How to complete this task: Set down, exactly as written, the lines from the top of the data to the line that holds "該名騎士因受到高速的衝擊,整", and omit the pictures.

═══ Records for the task ═══

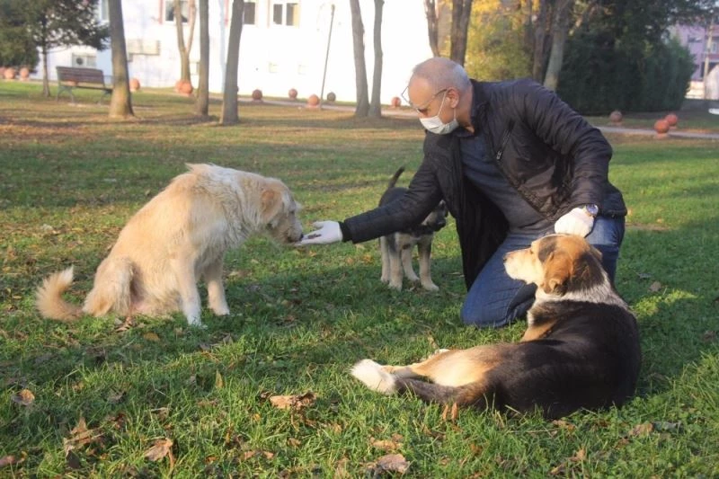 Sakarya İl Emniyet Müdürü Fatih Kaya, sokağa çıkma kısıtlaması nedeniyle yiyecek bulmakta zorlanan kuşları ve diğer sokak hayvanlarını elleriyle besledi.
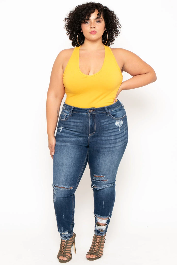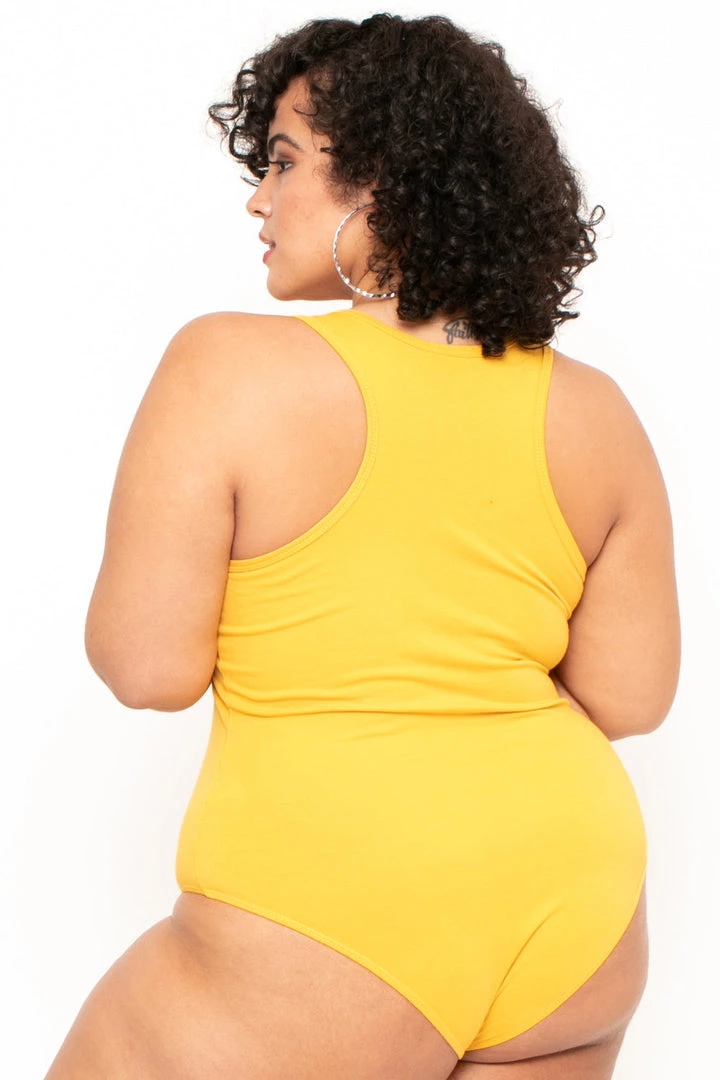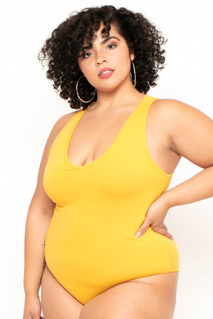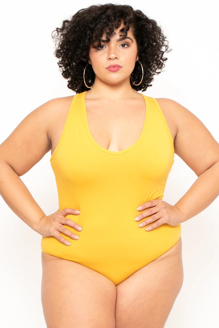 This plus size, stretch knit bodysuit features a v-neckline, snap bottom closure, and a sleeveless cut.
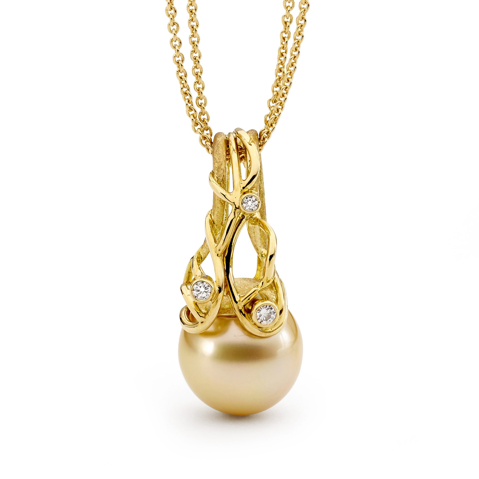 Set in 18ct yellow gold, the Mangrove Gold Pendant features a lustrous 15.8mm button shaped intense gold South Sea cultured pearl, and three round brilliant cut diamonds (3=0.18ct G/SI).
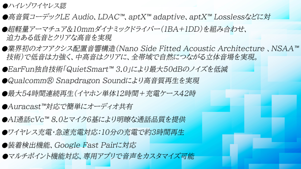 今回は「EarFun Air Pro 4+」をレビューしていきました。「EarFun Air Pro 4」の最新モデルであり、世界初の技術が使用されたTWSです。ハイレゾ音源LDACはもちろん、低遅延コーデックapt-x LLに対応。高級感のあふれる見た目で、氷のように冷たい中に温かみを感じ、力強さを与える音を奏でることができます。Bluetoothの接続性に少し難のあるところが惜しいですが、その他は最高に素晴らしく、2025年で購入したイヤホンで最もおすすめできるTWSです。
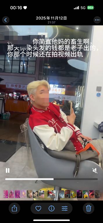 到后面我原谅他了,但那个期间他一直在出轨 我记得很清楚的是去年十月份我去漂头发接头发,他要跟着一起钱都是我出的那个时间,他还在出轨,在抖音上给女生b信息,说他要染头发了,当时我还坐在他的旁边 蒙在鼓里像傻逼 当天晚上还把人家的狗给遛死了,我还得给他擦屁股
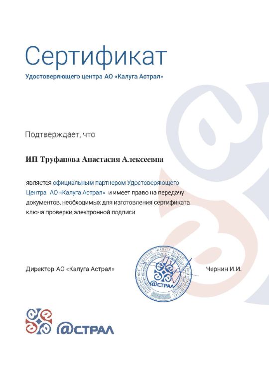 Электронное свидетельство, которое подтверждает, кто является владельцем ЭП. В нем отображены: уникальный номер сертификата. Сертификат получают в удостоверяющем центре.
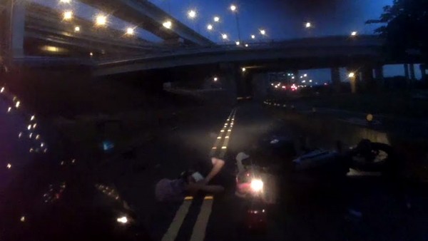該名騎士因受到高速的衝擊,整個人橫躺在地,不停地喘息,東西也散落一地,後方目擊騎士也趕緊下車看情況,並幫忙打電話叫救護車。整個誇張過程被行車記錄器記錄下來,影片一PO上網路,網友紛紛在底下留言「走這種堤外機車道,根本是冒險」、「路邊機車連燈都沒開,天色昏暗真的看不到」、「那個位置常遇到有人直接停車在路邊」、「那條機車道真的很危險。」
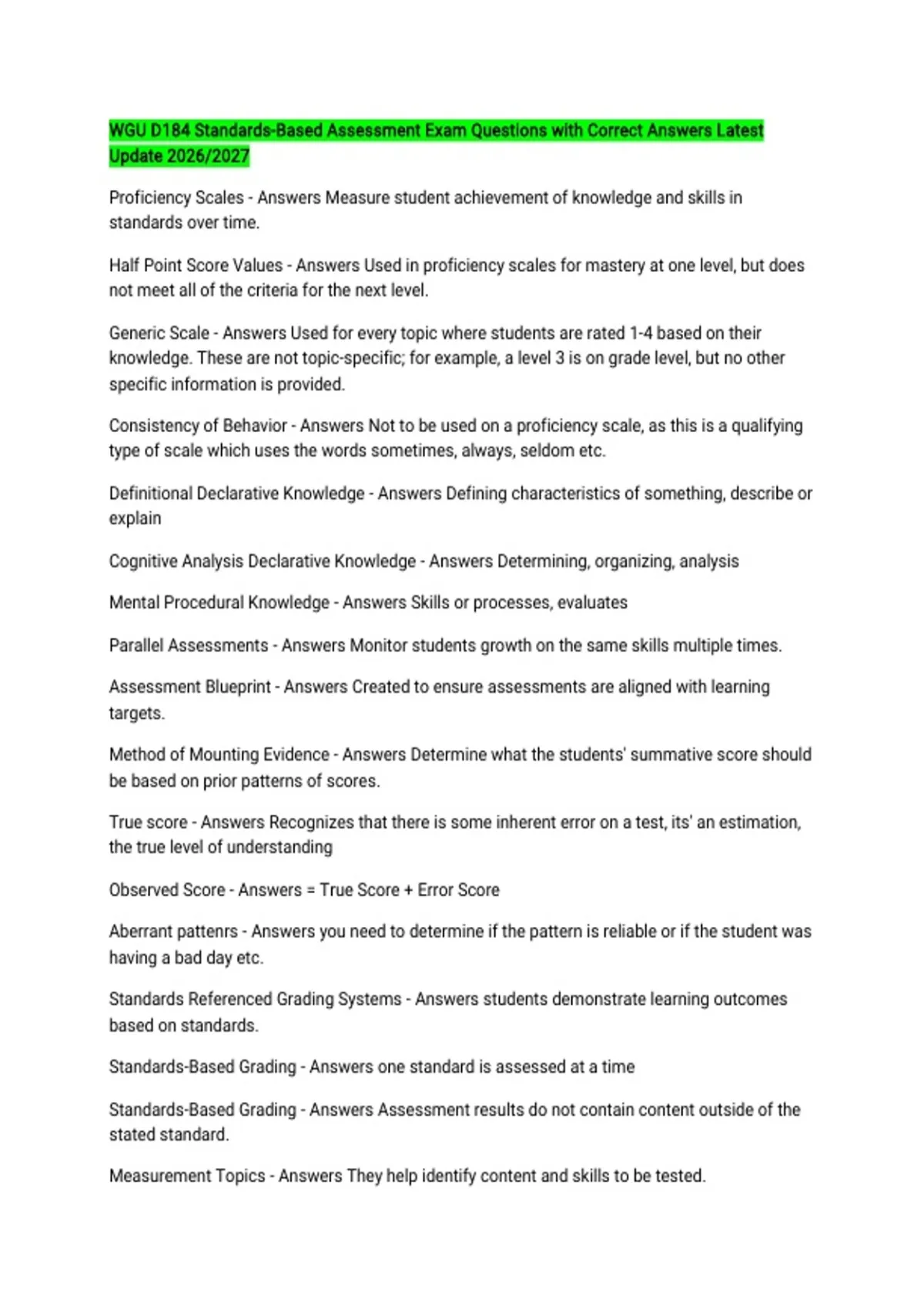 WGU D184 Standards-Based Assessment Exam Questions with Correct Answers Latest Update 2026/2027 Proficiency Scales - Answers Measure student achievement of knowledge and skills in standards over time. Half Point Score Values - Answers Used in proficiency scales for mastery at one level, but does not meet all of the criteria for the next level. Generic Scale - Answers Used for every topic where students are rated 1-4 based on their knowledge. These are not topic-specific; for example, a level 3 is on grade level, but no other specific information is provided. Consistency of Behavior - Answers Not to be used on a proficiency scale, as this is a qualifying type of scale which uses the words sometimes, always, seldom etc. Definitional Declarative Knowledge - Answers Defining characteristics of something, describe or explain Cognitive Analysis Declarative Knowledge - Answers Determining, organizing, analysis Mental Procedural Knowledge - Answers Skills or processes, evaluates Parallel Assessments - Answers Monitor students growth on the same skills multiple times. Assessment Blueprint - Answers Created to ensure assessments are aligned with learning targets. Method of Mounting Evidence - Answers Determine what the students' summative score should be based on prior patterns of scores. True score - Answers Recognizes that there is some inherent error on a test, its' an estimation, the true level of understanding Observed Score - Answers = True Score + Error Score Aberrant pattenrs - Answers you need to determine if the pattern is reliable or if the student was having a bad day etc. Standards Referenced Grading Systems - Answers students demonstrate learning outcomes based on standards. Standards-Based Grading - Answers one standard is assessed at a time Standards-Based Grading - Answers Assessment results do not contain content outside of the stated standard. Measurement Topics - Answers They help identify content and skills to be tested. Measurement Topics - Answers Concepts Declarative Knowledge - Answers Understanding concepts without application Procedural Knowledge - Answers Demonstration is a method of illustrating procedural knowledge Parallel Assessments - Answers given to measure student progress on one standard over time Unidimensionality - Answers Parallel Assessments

═══

Answer below:
 Sakarya İl Emniyet Müdürü Fatih Kaya, sokağa çıkma kısıtlaması nedeniyle yiyecek bulmakta zorlanan kuşları ve diğer sokak hayvanlarını elleriyle besledi.
 This plus size, stretch knit bodysuit features a v-neckline, snap bottom closure, and a sleeveless cut.
 Set in 18ct yellow gold, the Mangrove Gold Pendant features a lustrous 15.8mm button shaped intense gold South Sea cultured pearl, and three round brilliant cut diamonds (3=0.18ct G/SI).
 今回は「EarFun Air Pro 4+」をレビューしていきました。「EarFun Air Pro 4」の最新モデルであり、世界初の技術が使用されたTWSです。ハイレゾ音源LDACはもちろん、低遅延コーデックapt-x LLに対応。高級感のあふれる見た目で、氷のように冷たい中に温かみを感じ、力強さを与える音を奏でることができます。Bluetoothの接続性に少し難のあるところが惜しいですが、その他は最高に素晴らしく、2025年で購入したイヤホンで最もおすすめできるTWSです。
 到后面我原谅他了,但那个期间他一直在出轨 我记得很清楚的是去年十月份我去漂头发接头发,他要跟着一起钱都是我出的那个时间,他还在出轨,在抖音上给女生b信息,说他要染头发了,当时我还坐在他的旁边 蒙在鼓里像傻逼 当天晚上还把人家的狗给遛死了,我还得给他擦屁股
 Электронное свидетельство, которое подтверждает, кто является владельцем ЭП. В нем отображены: уникальный номер сертификата. Сертификат получают в удостоверяющем центре.
該名騎士因受到高速的衝擊,整個人橫躺在地,不停地喘息,東西也散落一地,後方目擊騎士也趕緊下車看情況,並幫忙打電話叫救護車。整個誇張過程被行車記錄器記錄下來,影片一PO上網路,網友紛紛在底下留言「走這種堤外機車道,根本是冒險」、「路邊機車連燈都沒開,天色昏暗真的看不到」、「那個位置常遇到有人直接停車在路邊」、「那條機車道真的很危險。」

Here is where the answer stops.